Unintended Cultivator

Book 9: Chapter 3: Hesitation



Whenever Sen was forced to leave home, an event that happened far too often for his taste, he almost always raced back as fast as he could. There was a beautiful orchid there waiting to shout Papa at him and tell him about everything that had happened when he was gone. Sometimes, that meant an extended description of her bug hunts with the birds. Sometimes, it was a hilariously garbled retelling of Auntie Caihong chastising Master Feng for one transgression or another. Sen could usually piece together what had actually happened, which only made Ai’s retellings even funnier if for no other reason than the things that her mind interpreted as the salient details. For example, the words were often ignored in favor of a careful description and reenactment of Master Feng’s expressions or Auntie Caihong chasing him with a broom, all while Uncle Kho howled with laughter.

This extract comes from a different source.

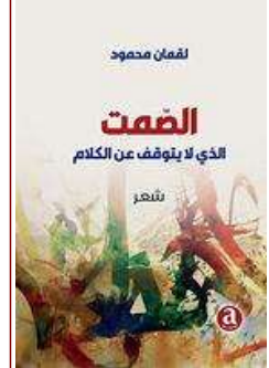
الشاعر الكوردي لقمان محمود والصمت الذي لا يتوقف عن الكلام

This time, though, Sen found himself hesitating. He looked down at his arm and frowned. Like most cultivators, he’d been pale. All of the blemishes, scars, and signs of aging had been burned away during cleanings, advancements, and probably during tribulations as well. Now, though, he was a white as pale as bone. The divine qi embedded in his skin no longer rose to the surface to make him all but glow, even if he could still feel it there. His eyebrows drew together as a thought occurred to him. He concentrated for a moment and those spots did rise to the surface. Except, now, there were more of them. They seemed to form a lattice all over his body. In fact, it almost looked like a formation etched into his skin. He couldn’t be sure since he didn’t have the best angle to look at it.

He wondered if that was something that was meant to happen as part of the Five-Fold Body Transformation or if it was peculiar to him. A side effect of all that divine qi already being inside of him, perhaps? The moment he got mentally sidetracked, though, the pinpoint bits of divine qi receded down into his skin again. While it was a strange change, it was actually a welcome one. Not needing to maintain that bit of concentration to suppress their appearance all the time was one less thing on his plate. Getting to cross a problem off his list was so rare that it felt like he ought to throw some kind of celebration. Still, the almost deathly pale of his skin was concerning.

Despite the change, he didn’t feel ill. If anything, he felt healthier and stronger than he’d ever been. He’d experienced an almost unbelievable increase in strength. At another time, he’d have seen it as nothing but an improvement. In the world of the now, he couldn’t shake that feeling of concern. What would Ai think of him? Would the change frighten her? He thought that she’d get used to it. He hoped she might even make fun of it. If she ran away from him… If that happened, it would break his heart into so many pieces that he might never be able to gather them all up. So, he stood on the shattered peak of that new mountain and hesitated. He was high enough up that there was a constant breeze. The sound of his robes moving in that light wind sounded thunderously loud to him. I guess improved strength wasn’t the only change, he thought.

He'd been through enough body cultivation advancements to understand that adapting to the changes in his body wouldn’t be an overnight process. A few experiments had told him that his perception was actually lagging slightly behind his body’s new abilities. He’d need to hold back unless something was right in front of him and he couldn’t miss with a blow. If he was lucky, things would equalize after a while, but he worried that he’d be stuck using less than his full potential until his spirit cultivation caught up. That might not be an entirely bad thing, thought Sen. His relationship with restraint was a mixed bag at best. Being forced to employ it all the time might help him to shore up one or two lingering personal failings.

As much as he wanted to tell himself that Ai was the only reason he was hesitating, he knew that wasn’t true. Returning to the academy after that debacle in the capital hadn’t been a smooth transition. He’d found himself forced into roles and dealing with responsibilities for which he felt entirely unsuited. The passage of a year had only smoothed down a few of the roughest edges. He was not particularly well-equipped for the role of leader or, as every damn person at the academy insisted on calling him, patriarch. Patriarchs were old men with centuries of experience and, in theory anyway, tremendous wisdom. Sen met exactly none of those requirements. His only legitimate claim to that title came from personal power, and it hadn’t taken him long to see that personal power and good leadership had almost no relationship with each other.

He knew that the minute he got back, a mountain of work was waiting for him. There would be endless demands on his time. Time that he would much rather spend teaching things to Ai, or wandering the wilds with Falling Leaf. Time that he loathed devoting to stupidity like managing the personal disputes between the various teachers he’d brought and the small factions that were already developing inside his sect. Some of the divides were obvious. There were the mortals who were never going to be anything but soldiers for the small army he was building for Grandmother Lu. He’d already sent a fair number of those to her. She had promptly put them to work as manor guards, caravan guards, and sent some of them along to keep order at distant holdings of the House of Lu. Those mortals bore a certain resentment for the cultivators that Sen had acquired for the sect.